Problem to work on
What is needed is the exact text of each line in the listing below from the one with "4) 돈 남으면 안전하고, 모자라서 마이너스 되면 전세금 떼일 확률이 높아진다." up to and including the one with "We study the", and no pictures.

Extracted entries
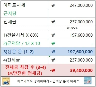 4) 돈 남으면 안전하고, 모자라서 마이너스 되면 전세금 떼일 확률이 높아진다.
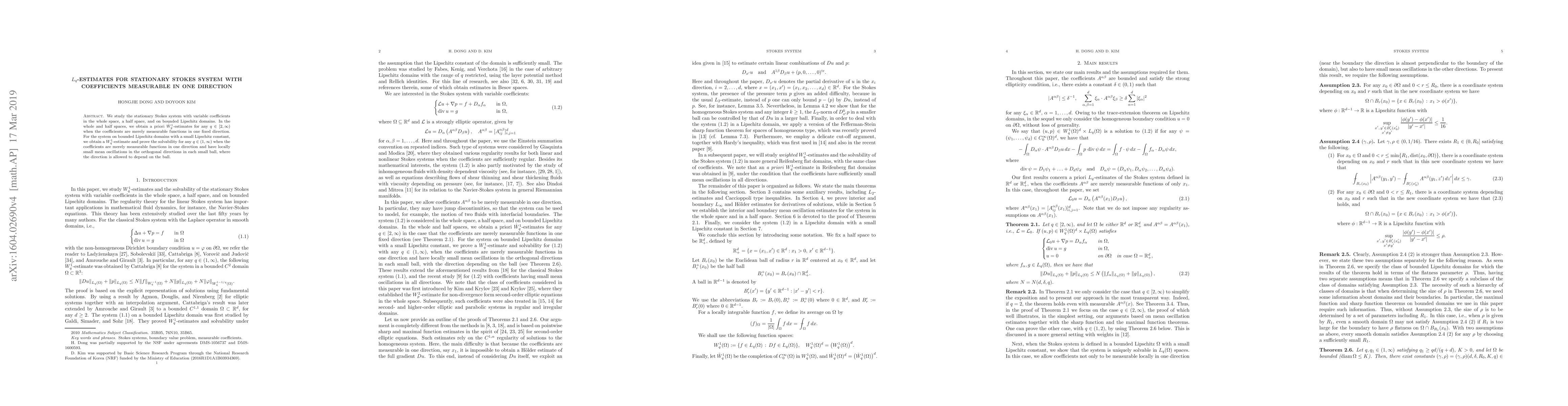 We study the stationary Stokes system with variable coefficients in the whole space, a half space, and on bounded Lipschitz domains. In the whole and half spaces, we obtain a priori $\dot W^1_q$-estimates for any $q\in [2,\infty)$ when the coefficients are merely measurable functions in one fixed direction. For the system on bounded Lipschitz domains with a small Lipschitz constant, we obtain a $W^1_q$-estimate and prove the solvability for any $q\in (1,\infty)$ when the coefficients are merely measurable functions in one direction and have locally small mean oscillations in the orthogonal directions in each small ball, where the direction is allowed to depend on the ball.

...

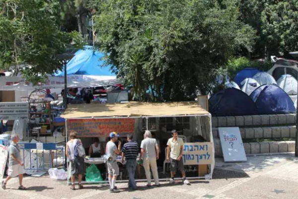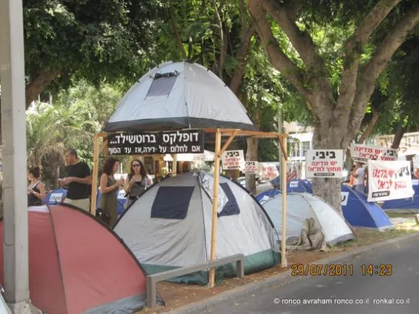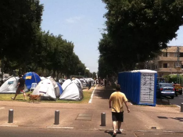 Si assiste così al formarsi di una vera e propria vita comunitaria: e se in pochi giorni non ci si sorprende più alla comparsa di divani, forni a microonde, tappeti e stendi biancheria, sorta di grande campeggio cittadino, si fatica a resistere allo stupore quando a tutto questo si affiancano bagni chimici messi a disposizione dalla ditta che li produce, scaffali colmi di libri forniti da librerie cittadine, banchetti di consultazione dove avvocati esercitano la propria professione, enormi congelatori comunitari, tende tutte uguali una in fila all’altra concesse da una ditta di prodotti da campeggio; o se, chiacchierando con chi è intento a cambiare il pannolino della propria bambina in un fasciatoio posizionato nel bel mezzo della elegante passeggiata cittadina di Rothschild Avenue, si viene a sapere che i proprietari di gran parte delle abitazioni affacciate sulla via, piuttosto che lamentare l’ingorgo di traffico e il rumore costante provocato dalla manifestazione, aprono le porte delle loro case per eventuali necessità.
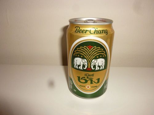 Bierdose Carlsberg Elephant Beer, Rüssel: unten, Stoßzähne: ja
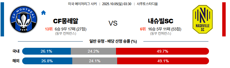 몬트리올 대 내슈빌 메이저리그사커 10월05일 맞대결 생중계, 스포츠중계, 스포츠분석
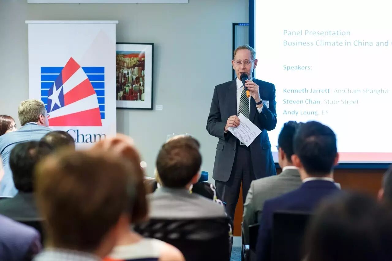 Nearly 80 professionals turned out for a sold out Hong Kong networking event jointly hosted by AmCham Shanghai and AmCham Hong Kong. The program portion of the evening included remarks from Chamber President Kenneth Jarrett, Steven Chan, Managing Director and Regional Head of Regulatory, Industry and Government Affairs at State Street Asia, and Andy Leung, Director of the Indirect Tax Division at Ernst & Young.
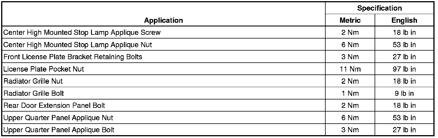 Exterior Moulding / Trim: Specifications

Output for this exercise
 4) 돈 남으면 안전하고, 모자라서 마이너스 되면 전세금 떼일 확률이 높아진다.
 We study the stationary Stokes system with variable coefficients in the whole space, a half space, and on bounded Lipschitz domains. In the whole and half spaces, we obtain a priori $\dot W^1_q$-estimates for any $q\in [2,\infty)$ when the coefficients are merely measurable functions in one fixed direction. For the system on bounded Lipschitz domains with a small Lipschitz constant, we obtain a $W^1_q$-estimate and prove the solvability for any $q\in (1,\infty)$ when the coefficients are merely measurable functions in one direction and have locally small mean oscillations in the orthogonal directions in each small ball, where the direction is allowed to depend on the ball.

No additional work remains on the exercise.